Zweitens favorisiert Saacke Value-Aktien. Auch da macht er erheblichen Nachholbedarf aus, der selbst besteht, wenn steigende Zinsen das allgemeine Marktklima eintrüben sollten: «Hinter einem Zinsanstieg steht Wachstum, und zyklische, wachstumsgetriebene Sektoren bzw. Aktien haben gelitten und sind günstig.» Value und Growth also nicht gegen, sondern miteinander, wobei das Entweder-oder schon öfters widerlegt worden ist und nur in den Köpfen hartnäckiger Finanzmarkttheoretiker weiterlebt.

Lieber GM als Tesla

Auch Jacob de Tusch-Lec, Fondsmanager des Artemis Global Income Fund, geht auf die Frage ein, was steigende Zinsen für die Anlagemärkte bedeuten.
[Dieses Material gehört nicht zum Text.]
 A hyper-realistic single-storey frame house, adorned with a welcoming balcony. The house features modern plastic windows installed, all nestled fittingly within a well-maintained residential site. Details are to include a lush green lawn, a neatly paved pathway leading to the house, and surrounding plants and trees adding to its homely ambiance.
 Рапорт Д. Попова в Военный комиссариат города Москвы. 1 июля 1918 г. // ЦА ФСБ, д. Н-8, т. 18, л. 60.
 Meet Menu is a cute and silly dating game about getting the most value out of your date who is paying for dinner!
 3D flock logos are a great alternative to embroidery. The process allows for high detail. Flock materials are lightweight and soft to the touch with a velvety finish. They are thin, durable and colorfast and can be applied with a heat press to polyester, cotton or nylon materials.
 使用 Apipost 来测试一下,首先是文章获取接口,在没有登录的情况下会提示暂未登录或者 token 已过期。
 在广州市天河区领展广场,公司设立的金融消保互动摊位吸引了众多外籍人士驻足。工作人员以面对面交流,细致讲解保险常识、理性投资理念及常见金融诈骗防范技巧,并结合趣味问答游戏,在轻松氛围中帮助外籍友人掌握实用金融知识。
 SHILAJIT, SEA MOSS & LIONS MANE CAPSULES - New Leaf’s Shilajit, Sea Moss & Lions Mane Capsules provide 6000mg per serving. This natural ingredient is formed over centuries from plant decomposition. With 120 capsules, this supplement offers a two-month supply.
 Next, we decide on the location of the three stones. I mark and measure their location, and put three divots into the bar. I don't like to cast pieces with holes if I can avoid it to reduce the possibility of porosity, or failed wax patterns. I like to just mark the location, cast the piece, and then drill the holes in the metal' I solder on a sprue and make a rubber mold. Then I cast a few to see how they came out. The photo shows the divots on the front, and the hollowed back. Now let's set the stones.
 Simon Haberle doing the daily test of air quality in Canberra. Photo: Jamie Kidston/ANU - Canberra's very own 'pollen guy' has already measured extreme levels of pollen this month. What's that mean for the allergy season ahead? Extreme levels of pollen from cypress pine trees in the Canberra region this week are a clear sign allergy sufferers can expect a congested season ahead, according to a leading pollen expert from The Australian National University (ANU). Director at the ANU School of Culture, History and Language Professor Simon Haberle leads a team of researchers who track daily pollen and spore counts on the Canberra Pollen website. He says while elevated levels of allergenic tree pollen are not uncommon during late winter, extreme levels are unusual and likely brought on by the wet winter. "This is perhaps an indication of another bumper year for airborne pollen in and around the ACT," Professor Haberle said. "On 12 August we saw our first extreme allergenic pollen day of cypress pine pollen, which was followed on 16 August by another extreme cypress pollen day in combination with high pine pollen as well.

Mehr Volatilität, das ist klar, und «die Einsicht, dass Aktien, auch dividendenstarke, nicht die neuen Anleihen sind». Manche Anleger hätten sich verleiten lassen, als Ersatz für die renditelos gewordenen sicheren Anleihen defensive Aktien zu kaufen. «Aber Nestlé (NESN 76.1 -0.91%) und Unilever (UNA 40.6 -1.28%) oder deutsche Immobilienaktien, auf die sich Anleger ebenfalls gestürzt haben, sind mit einem Kurs-Gewinn-Verhältnis (KGV) von 22 und mehr so teuer, dass sie einem Börsengewitter nicht standhalten», führt er aus.
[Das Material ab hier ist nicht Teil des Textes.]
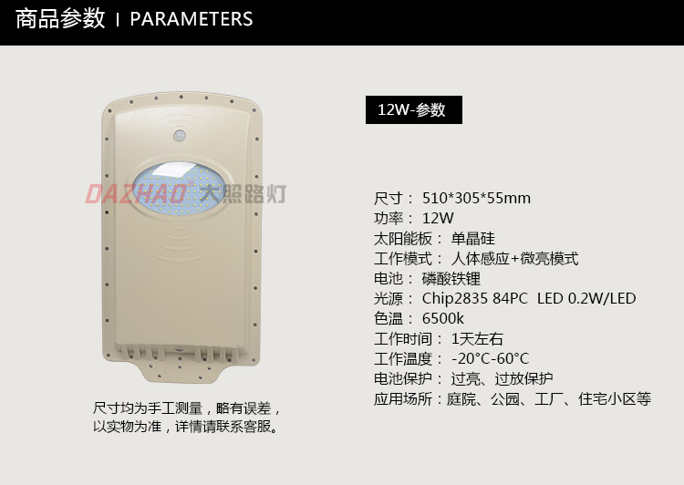 特别定制款小路灯12W一体化太阳能感应灯LED太阳能路灯led路灯
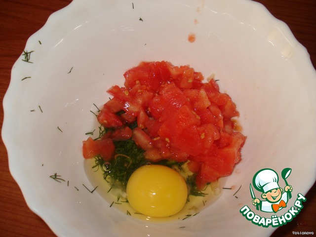 Измельченный помидор отправился к чесночной зелени, туда же вылить яйцо, посолить, поперчить.
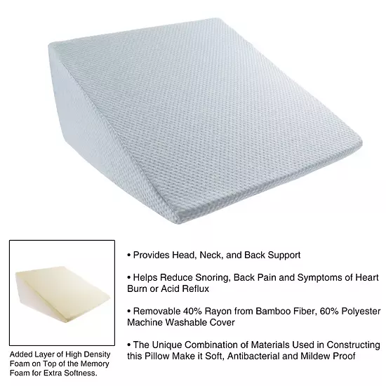 - The gradual incline on the wedge pillow provides supportive positioning for back and side sleepers, while also helping to relieve nighttime snoring, acid reflux, and heartburn, as well as pain in the neck, back, and shoulders.
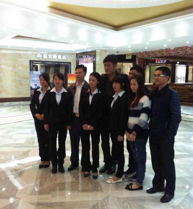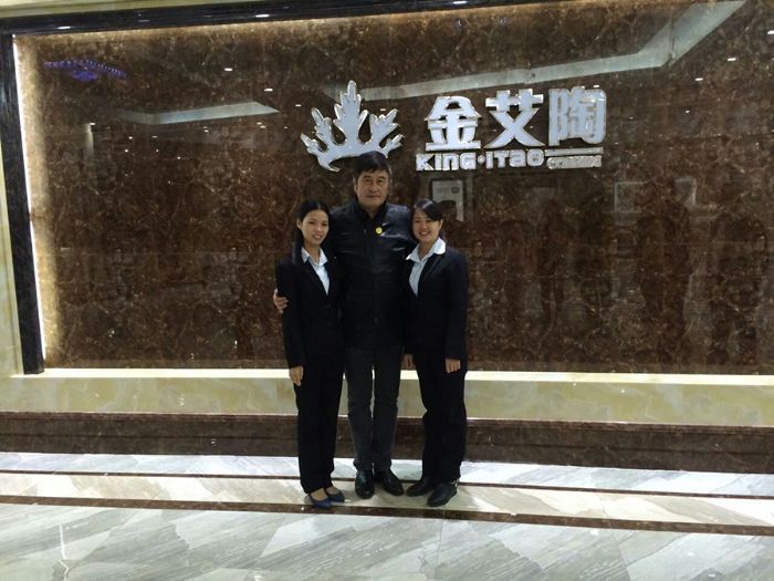 惠州泰安陶瓷家具博覽中心金艾陶瓷磚旗艦店總經(jīng)理鄭平陪同林威參觀了金艾陶瓷磚并在飯?zhí)迷O宴招待林威一行。

Gehörten zu den Gewinnern der letzten fünf Jahre Investments wie Immobilien, High Yield Bonds, Small Caps und defensives Wachstum, seien die Profiteure eines Beginns der Zinsnormalisierung US-Banken, inzwischen solid finanziert und wie auch die europäischen Institute unter einer engen Zinsmarge leidend, zudem Lebensversicherer, Large Caps, weil stärker global diversifiziert, schuldenfreie Unternehmen mit hohem Cashflow und – in Übereinstimmung mit Fondsmanagerkollege Saacke – Value-Aktien aus zyklischen Sektoren wie Industrie und Rohstoffe. Als Beispiel nennt er General Motors (GM 31.8 -1%), mit einem KGV von nur 5, «während alle Welt von Tesla spricht, deren Elektroautos noch keineswegs die Marktreife bewiesen haben».

Den US-Treasuries «folgt die ganze Welt»

Weil die USA ihren Zinsvorsprung behalten würden, sei auch der Dollar ein Gewinner der Zinswende, erklärt de Tusch-Lec. Den Zeitpunkt der Wende kenne niemand. Aber ein Indikator sei die Rendite der zehnjährigen US-Staatsanleihen. «Ihnen folgt die ganze Welt», sagt der Artemis-Manager.

Tatsächlich kam Hektik an den Märkten auf, als die Rendite der zehnjährigen US-Treasuries in den vergangenen Wochen von 1,25 auf 1,5% anzog. Das sind zwar nur 25 Basispunkte, aber relativ eine markante Verteuerung um ein Fünftel. Im Sog enttäuschender Konjunkturnachrichten und des Stillhaltens der US-Notenbank in der Leitzinsfrage hat sich die Rendite etwas zurückgebildet. Einen Vorgeschmack, dass die Ruhe an den Märkten nicht ewig dauern wird, bot die Zinsversteifung allemal.